- [ABOUT THIS TASK]:
Please reproduce the lines from the one containing "На основе анализа" through the end of the data below exactly as they stand, and omit all pictures.
#####
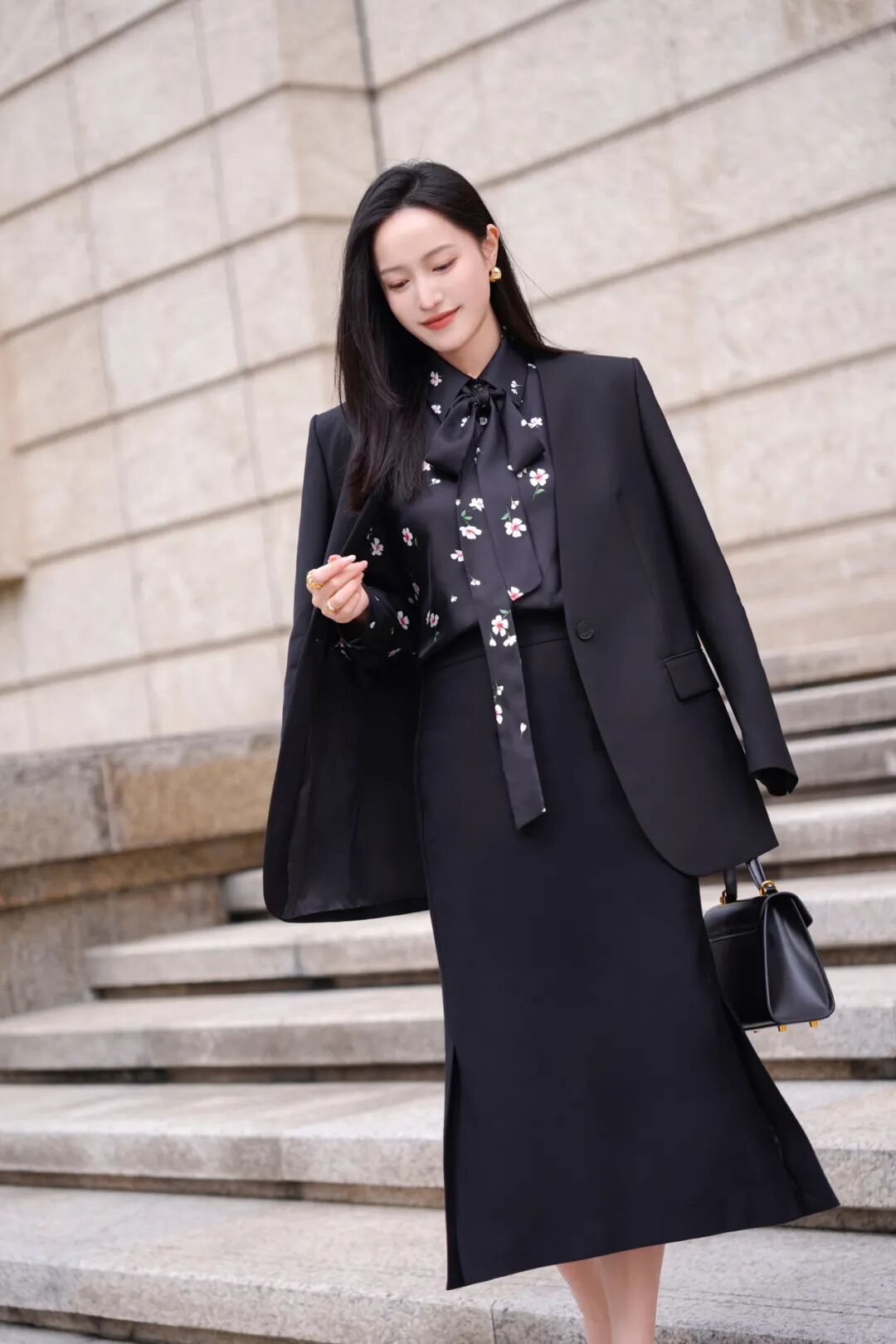 每日跟内容、创意打交道,促生了她不同于常规,凡事“多加一点”的习惯。不用局限于特定场域的职场风格,用“浪漫”点缀,在舒适简约的廓形之中嵌入小面积印花、飘带,为素色风格加入更多生机与新鲜感,是她打造通勤日常风格的思路典范。
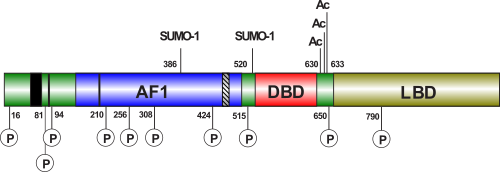 Посттрансляционные модификации андрогенового рецептора. Показаны сайты фосфорилирования (Р), сумоилирования (SUMO-1) и ацетилирования (Ac)[17]
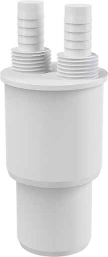 Переходная муфта Alcadrain AKS6 применяется для подключения сливных шлангов к стоку канализации с помощью штуцера диаметром 14 мм с возможностью фиксации резьбовым соединением 1/2". Изготовлена из полипропилена, подключение к канализации 40/50 мм.
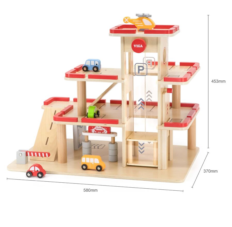 Experience the best adventures with your favorites cars in this all-inclusive garage toy from VIGA.
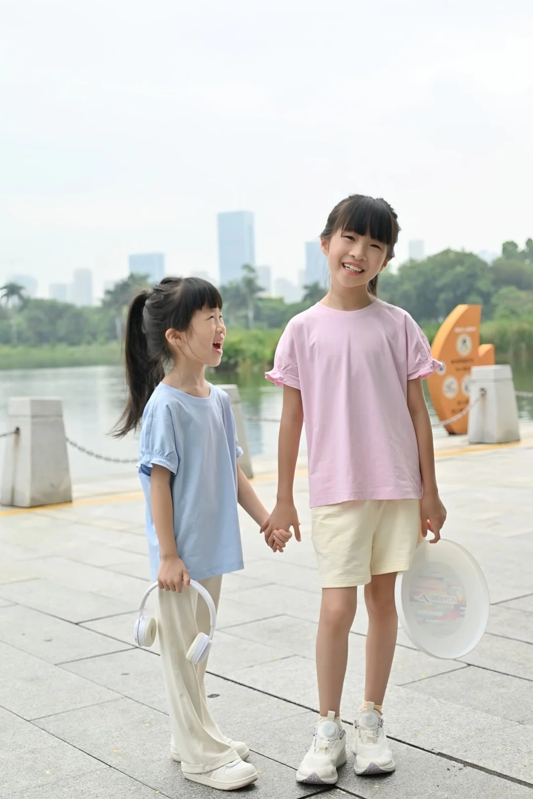 姐妹户外运动穿搭 小孩姐的眼光还真的很好,自己挑选的一整套好时髦,纯棉的,透气性好,适合运动穿。
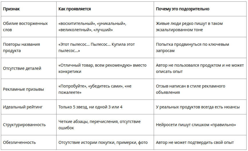 На основе анализа исследований и экспертных мнений, выделяют ключевые признаки, по которым нейросети (и внимательный читатель) могут отличить фейк от настоящего отзыва.
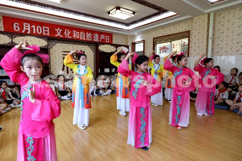 2023年6月10日是“文化和自然遗产日”,山东省枣庄市东湖小学组织爱好戏剧的学生向同学们表演了柳琴戏《石榴花开红似火》《喝面叶》等节目,让同学们近距离感受中国传统戏剧文化魅力。
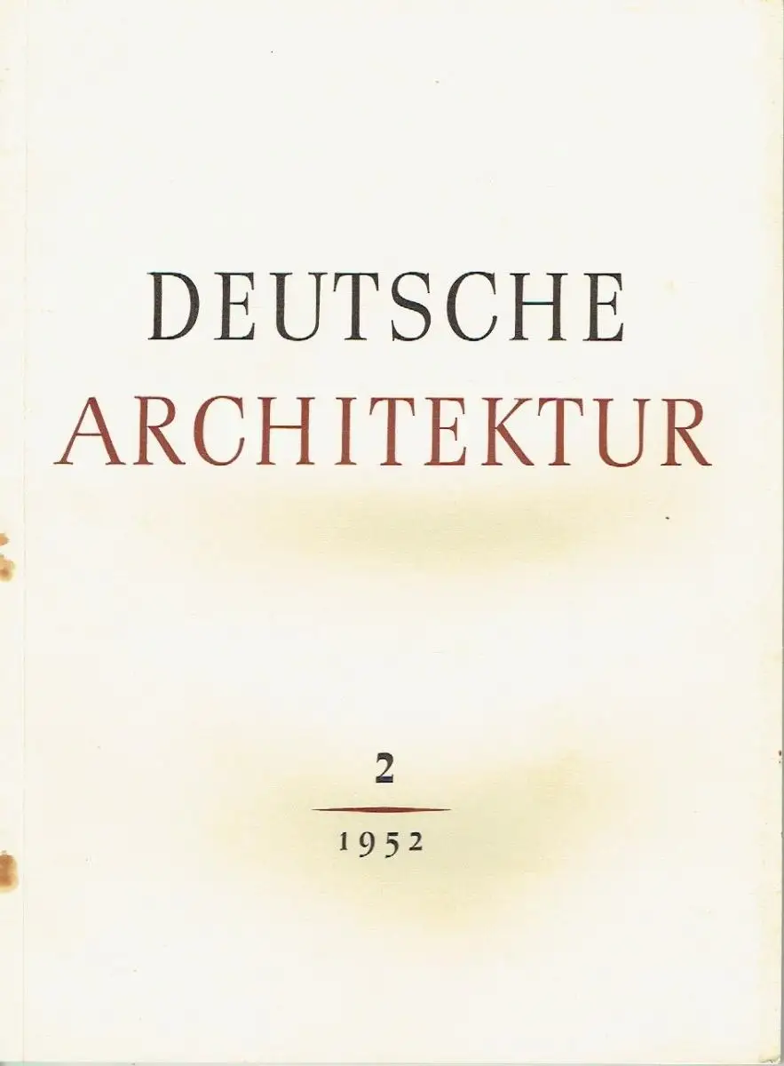 sehr guter Zustand, geringe Gebrauchs- und Alterungsspuren: Klammerrost - sonst sauber und ordentlich, Otto Grotewohl: Aus der Rede „Die Eroberung der Kultur beginnt" - Ein wichtiges Ereignis für die Entwicklung der deutschen Architektur - Dr.-Ing. Hütter: Professor Dr.-Ing: Kurt Beyer - Professor Kurt Magritz: Die Tragödie der westdeutschen Architektur (10 Seiten) - Professor Hanns Hopp: Werkstattbericht zum Projekt Stalinallee (Berlin) (8 Seiten) - Ernst Hoffmann: Ideologische Probleme der Architektur - Neues von der sowjetischen Architektur (8 Seiten) - Günther Juhre: Zur Ausbildung unseres Architektennachwuchses - Professor Dr. Kurt Liebknecht: Zur Frage der Fensterformen - Chronik, kartoniert, ca. 24,2 x 32,5, 48 Seiten mit zahlreichen Bildern
#####
- [RESPONSE BOX]:
 На основе анализа исследований и экспертных мнений, выделяют ключевые признаки, по которым нейросети (и внимательный читатель) могут отличить фейк от настоящего отзыва.
 2023年6月10日是“文化和自然遗产日”,山东省枣庄市东湖小学组织爱好戏剧的学生向同学们表演了柳琴戏《石榴花开红似火》《喝面叶》等节目,让同学们近距离感受中国传统戏剧文化魅力。
 sehr guter Zustand, geringe Gebrauchs- und Alterungsspuren: Klammerrost - sonst sauber und ordentlich, Otto Grotewohl: Aus der Rede „Die Eroberung der Kultur beginnt" - Ein wichtiges Ereignis für die Entwicklung der deutschen Architektur - Dr.-Ing. Hütter: Professor Dr.-Ing: Kurt Beyer - Professor Kurt Magritz: Die Tragödie der westdeutschen Architektur (10 Seiten) - Professor Hanns Hopp: Werkstattbericht zum Projekt Stalinallee (Berlin) (8 Seiten) - Ernst Hoffmann: Ideologische Probleme der Architektur - Neues von der sowjetischen Architektur (8 Seiten) - Günther Juhre: Zur Ausbildung unseres Architektennachwuchses - Professor Dr. Kurt Liebknecht: Zur Frage der Fensterformen - Chronik, kartoniert, ca. 24,2 x 32,5, 48 Seiten mit zahlreichen Bildern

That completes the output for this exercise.